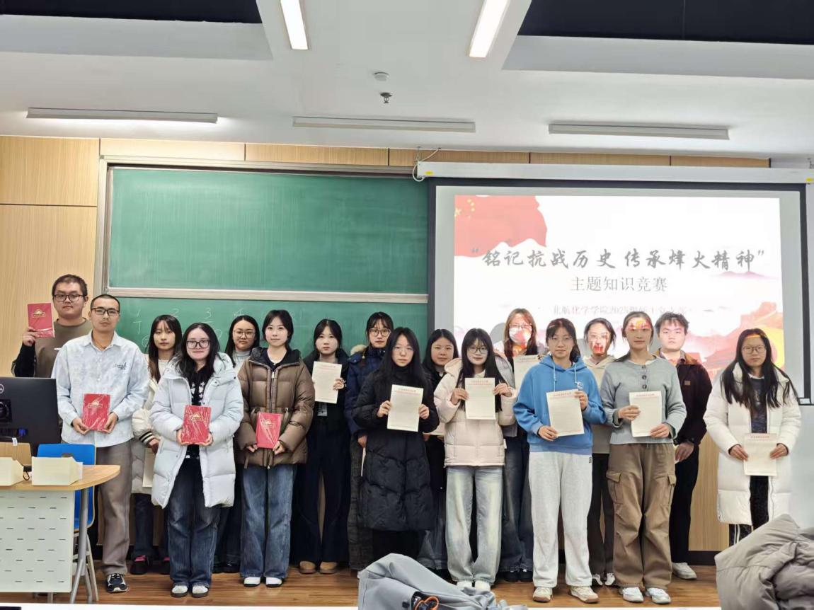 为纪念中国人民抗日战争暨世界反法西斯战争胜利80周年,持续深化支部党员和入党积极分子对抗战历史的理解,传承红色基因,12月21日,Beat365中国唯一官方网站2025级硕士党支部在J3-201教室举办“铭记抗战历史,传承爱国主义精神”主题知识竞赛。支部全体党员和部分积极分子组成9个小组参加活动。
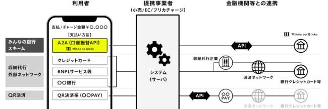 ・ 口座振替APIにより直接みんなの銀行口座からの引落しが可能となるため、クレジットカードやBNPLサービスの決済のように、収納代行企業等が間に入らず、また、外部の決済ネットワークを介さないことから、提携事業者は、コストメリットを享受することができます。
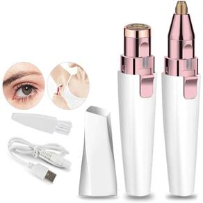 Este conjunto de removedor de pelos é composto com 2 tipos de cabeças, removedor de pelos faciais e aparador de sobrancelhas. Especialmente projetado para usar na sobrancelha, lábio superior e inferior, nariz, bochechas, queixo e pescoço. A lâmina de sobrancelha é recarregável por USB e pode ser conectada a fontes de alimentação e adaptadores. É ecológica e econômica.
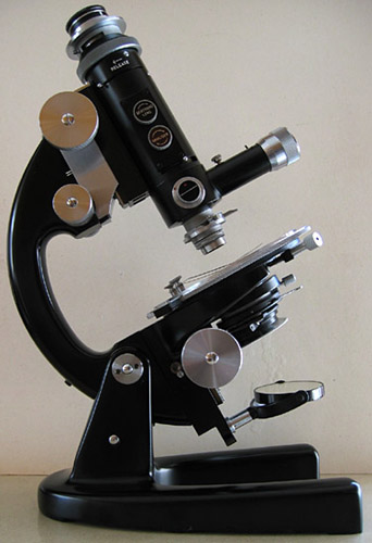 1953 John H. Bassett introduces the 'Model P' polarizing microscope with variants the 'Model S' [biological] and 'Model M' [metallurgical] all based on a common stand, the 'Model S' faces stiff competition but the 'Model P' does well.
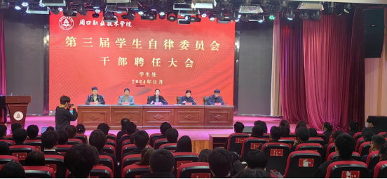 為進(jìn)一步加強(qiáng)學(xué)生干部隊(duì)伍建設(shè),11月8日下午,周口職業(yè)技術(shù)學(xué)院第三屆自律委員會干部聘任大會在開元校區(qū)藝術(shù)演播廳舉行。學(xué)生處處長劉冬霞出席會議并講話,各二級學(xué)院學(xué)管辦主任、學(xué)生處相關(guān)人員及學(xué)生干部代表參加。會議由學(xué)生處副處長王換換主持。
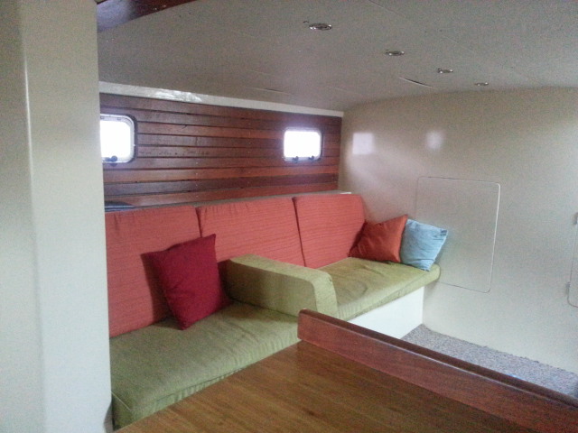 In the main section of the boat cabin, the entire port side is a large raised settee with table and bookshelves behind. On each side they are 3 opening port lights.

---

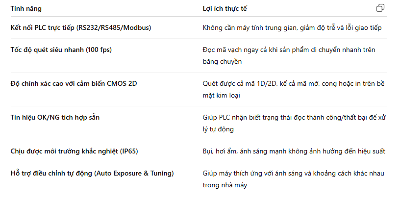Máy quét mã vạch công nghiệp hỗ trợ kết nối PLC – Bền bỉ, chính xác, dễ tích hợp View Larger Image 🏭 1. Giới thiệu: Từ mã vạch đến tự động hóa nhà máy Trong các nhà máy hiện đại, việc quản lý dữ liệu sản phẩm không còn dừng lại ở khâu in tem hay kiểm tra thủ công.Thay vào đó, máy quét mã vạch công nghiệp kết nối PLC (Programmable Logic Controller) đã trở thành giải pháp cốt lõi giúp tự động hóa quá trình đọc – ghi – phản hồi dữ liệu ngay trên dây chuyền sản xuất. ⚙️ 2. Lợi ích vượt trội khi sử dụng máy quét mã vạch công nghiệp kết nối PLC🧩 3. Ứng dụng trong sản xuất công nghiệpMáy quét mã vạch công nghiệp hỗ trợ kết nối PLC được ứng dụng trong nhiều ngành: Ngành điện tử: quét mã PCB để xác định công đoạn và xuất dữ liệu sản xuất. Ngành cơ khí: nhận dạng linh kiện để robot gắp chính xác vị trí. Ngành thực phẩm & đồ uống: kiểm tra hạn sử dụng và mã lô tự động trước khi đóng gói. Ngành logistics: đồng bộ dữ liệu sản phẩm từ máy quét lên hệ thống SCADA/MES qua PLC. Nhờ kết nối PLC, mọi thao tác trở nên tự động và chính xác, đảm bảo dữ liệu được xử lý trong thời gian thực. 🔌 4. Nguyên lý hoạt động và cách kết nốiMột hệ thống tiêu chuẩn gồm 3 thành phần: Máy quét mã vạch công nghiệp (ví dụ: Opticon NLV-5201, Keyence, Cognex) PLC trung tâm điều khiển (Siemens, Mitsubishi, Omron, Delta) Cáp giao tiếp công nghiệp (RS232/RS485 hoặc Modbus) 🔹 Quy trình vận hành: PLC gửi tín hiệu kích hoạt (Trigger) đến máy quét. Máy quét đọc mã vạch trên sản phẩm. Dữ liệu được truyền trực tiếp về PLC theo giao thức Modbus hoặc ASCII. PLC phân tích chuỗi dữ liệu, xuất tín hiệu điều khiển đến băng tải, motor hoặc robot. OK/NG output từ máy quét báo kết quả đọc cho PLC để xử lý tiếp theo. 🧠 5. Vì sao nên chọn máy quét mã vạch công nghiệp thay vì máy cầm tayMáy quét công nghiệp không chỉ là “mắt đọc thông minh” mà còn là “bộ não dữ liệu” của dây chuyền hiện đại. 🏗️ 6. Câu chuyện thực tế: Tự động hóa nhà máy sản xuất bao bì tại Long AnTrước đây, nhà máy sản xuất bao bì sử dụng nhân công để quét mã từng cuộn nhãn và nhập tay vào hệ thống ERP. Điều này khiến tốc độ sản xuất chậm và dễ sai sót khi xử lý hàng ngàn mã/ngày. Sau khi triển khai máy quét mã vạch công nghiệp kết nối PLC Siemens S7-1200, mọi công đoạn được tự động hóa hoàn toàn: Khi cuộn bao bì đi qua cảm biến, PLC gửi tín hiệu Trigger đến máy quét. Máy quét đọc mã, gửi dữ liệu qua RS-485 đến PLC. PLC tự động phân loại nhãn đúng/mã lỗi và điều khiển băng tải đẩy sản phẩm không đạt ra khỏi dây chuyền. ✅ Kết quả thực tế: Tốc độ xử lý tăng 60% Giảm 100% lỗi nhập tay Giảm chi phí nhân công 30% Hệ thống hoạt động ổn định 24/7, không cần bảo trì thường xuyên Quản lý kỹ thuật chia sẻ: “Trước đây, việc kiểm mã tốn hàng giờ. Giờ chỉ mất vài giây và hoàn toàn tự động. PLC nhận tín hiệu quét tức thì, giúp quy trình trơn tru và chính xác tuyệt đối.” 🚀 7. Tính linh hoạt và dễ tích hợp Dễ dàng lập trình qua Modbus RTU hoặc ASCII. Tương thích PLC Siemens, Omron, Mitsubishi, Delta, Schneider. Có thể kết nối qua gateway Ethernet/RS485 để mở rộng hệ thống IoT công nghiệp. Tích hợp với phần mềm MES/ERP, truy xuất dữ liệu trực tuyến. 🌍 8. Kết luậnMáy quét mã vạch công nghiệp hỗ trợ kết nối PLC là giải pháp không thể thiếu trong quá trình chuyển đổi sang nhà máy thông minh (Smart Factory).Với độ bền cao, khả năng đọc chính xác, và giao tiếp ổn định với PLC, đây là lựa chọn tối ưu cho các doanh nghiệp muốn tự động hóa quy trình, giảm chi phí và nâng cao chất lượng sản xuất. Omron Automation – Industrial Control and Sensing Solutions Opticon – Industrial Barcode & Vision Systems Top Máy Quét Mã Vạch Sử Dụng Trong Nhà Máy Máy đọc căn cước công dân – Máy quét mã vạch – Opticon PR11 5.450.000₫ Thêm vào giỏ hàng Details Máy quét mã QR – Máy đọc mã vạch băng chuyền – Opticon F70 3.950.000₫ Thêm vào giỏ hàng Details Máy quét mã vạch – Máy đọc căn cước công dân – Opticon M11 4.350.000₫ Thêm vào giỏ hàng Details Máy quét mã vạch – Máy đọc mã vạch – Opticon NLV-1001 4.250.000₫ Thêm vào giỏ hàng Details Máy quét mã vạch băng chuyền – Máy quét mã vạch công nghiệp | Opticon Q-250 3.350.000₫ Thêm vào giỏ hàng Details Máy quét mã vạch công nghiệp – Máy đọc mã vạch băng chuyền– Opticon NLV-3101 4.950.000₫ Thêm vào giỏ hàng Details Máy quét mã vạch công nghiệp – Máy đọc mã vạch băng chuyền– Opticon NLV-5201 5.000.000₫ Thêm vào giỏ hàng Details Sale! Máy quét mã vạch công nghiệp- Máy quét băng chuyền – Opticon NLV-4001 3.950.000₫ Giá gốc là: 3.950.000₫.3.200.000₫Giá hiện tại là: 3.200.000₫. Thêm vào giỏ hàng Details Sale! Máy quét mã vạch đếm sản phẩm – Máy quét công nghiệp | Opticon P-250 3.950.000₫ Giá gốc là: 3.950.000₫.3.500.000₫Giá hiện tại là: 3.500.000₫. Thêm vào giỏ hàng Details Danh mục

**WHAT IS REQUIRED:** Return exactly the stretch above whose first line contains "Este conjunto de" and whose last line contains "1953 John H.", and nothing outside it. The pictures should not appear.

**OUTPUT BELOW:**
 Este conjunto de removedor de pelos é composto com 2 tipos de cabeças, removedor de pelos faciais e aparador de sobrancelhas. Especialmente projetado para usar na sobrancelha, lábio superior e inferior, nariz, bochechas, queixo e pescoço. A lâmina de sobrancelha é recarregável por USB e pode ser conectada a fontes de alimentação e adaptadores. É ecológica e econômica.
 1953 John H. Bassett introduces the 'Model P' polarizing microscope with variants the 'Model S' [biological] and 'Model M' [metallurgical] all based on a common stand, the 'Model S' faces stiff competition but the 'Model P' does well.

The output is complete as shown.